## Prompt
The result should be the lines from the one that contains "TE 产品编号7-1579028-3 LOCKING TOOL 10POL" to the final line of the entries below, copied exactly and with no pictures.

## Record set

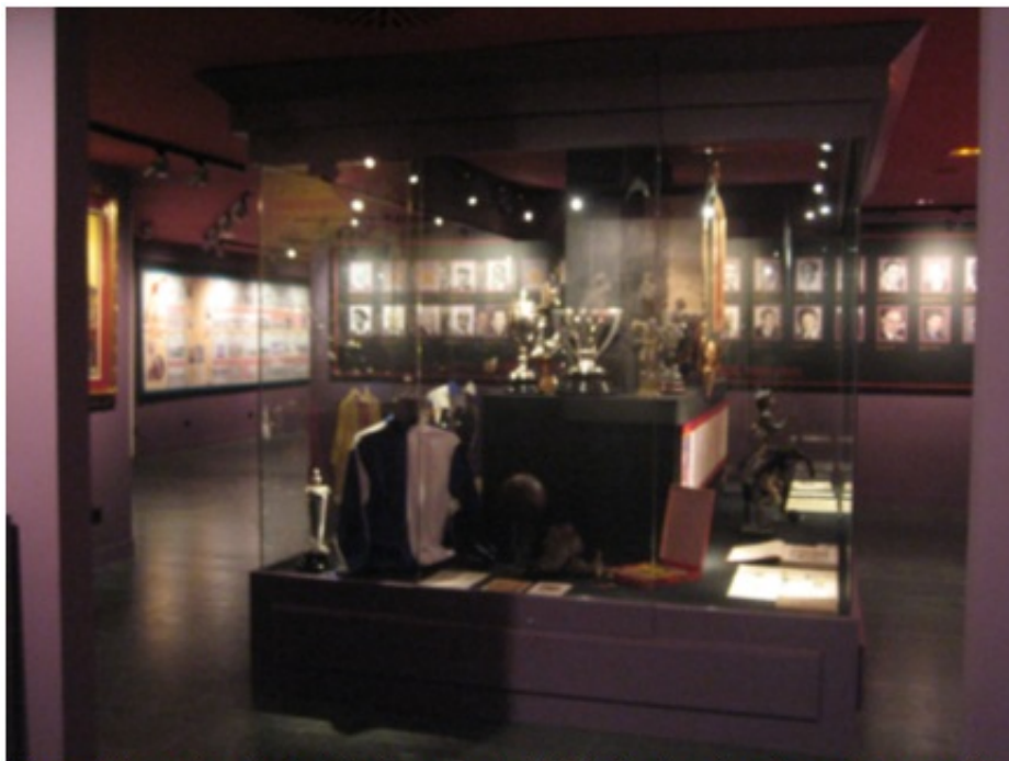
Vista de la sala principal del museo de la RFEF, donde se haya la carta. Madrid.
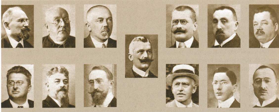
Slika 1: Narodna vlada
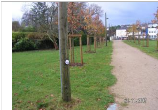
Allée Pierre Dornic
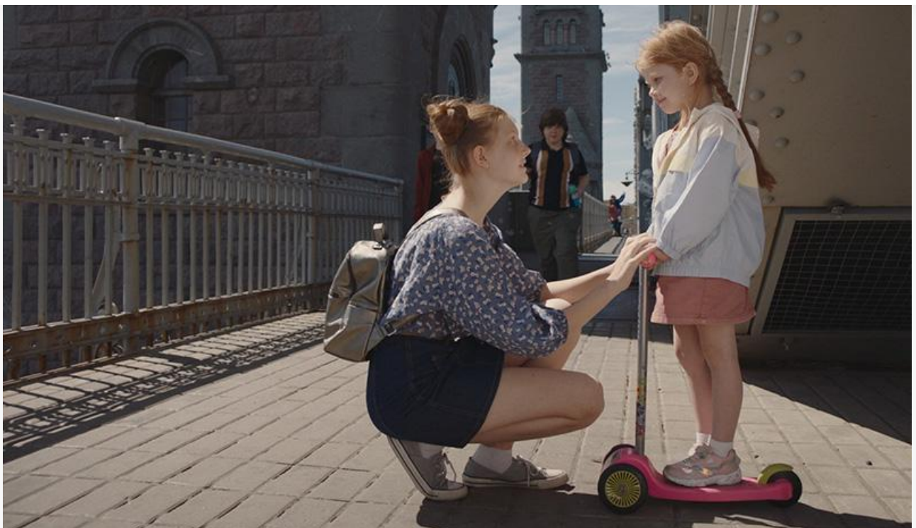
Кадр из фильма «Календарь ма(й)я»

Сохранили места в топ-10 «Барбоскины Team» (9,8 миллиона и шестое место), «Вышка» (8,4 миллиона и седьмое место), «Пёс-самурай и город кошек» (6 миллионов и восьмое место) и «Турбозавры, вперёд!» (4,3 миллиона и десятое место).
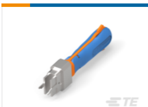
TE 产品编号7-1579028-3 LOCKING TOOL 10POL
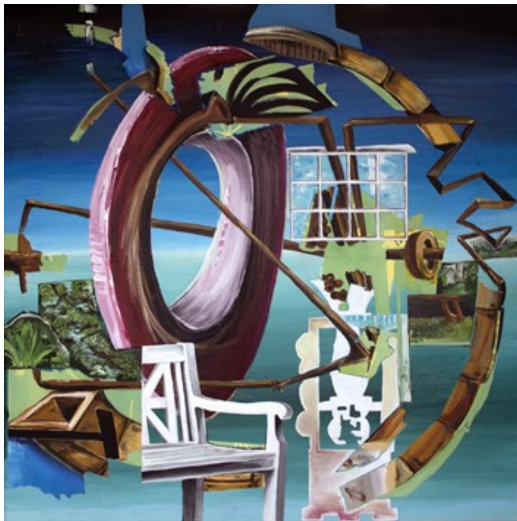
„Unruhestifter“ (100 x 100 cm)
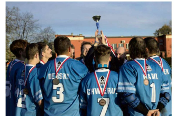
Na stadionie Iskry w Brzezince zakończyły się rozgrywki Pucharu Polskiej Federacji Lacrosse 2023 ligi szóstek. Brązowy medal wywalczyli Spartanie z Oświęcimia.

Puchar Polskiej Federacji Lacrosse 2023 ligi szóstek zdobyła pierwsza drużyna wrocławskich Kosynierów (42 pkt). Srebro przypadło katowickiemu Legionowi (33 pkt), a po brązowe medale sięgnęli oświęcimianie (21 pkt), którzy lepszym bilansem bezpośrednich spotkań wyprzedzili Królów z Krakowa (21 pkt).
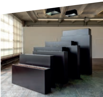
Kapwani Kiwanga, Oryza , 2021, tentoonstelling bij le Crédac
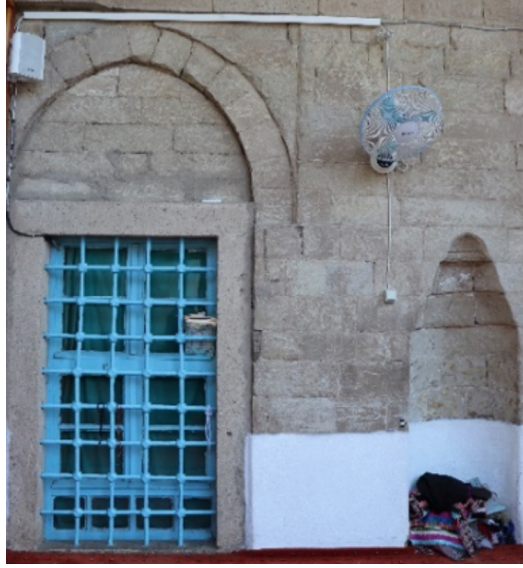
Resim 12: Seferağa Camii son cemaat yeri batı bölümdeki mihrabiye
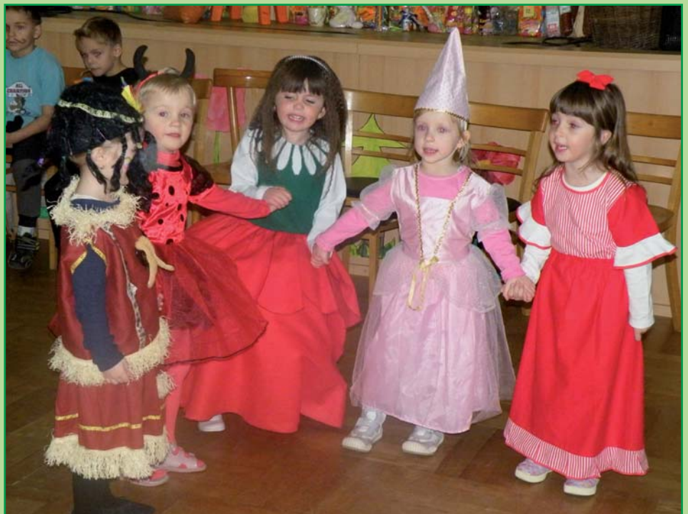
Vzpomínka na dětský karneval 2010

## Output below
TE 产品编号7-1579028-3 LOCKING TOOL 10POL
„Unruhestifter“ (100 x 100 cm)
Na stadionie Iskry w Brzezince zakończyły się rozgrywki Pucharu Polskiej Federacji Lacrosse 2023 ligi szóstek. Brązowy medal wywalczyli Spartanie z Oświęcimia.

Puchar Polskiej Federacji Lacrosse 2023 ligi szóstek zdobyła pierwsza drużyna wrocławskich Kosynierów (42 pkt). Srebro przypadło katowickiemu Legionowi (33 pkt), a po brązowe medale sięgnęli oświęcimianie (21 pkt), którzy lepszym bilansem bezpośrednich spotkań wyprzedzili Królów z Krakowa (21 pkt).
Kapwani Kiwanga, Oryza , 2021, tentoonstelling bij le Crédac
Resim 12: Seferağa Camii son cemaat yeri batı bölümdeki mihrabiye
Vzpomínka na dětský karneval 2010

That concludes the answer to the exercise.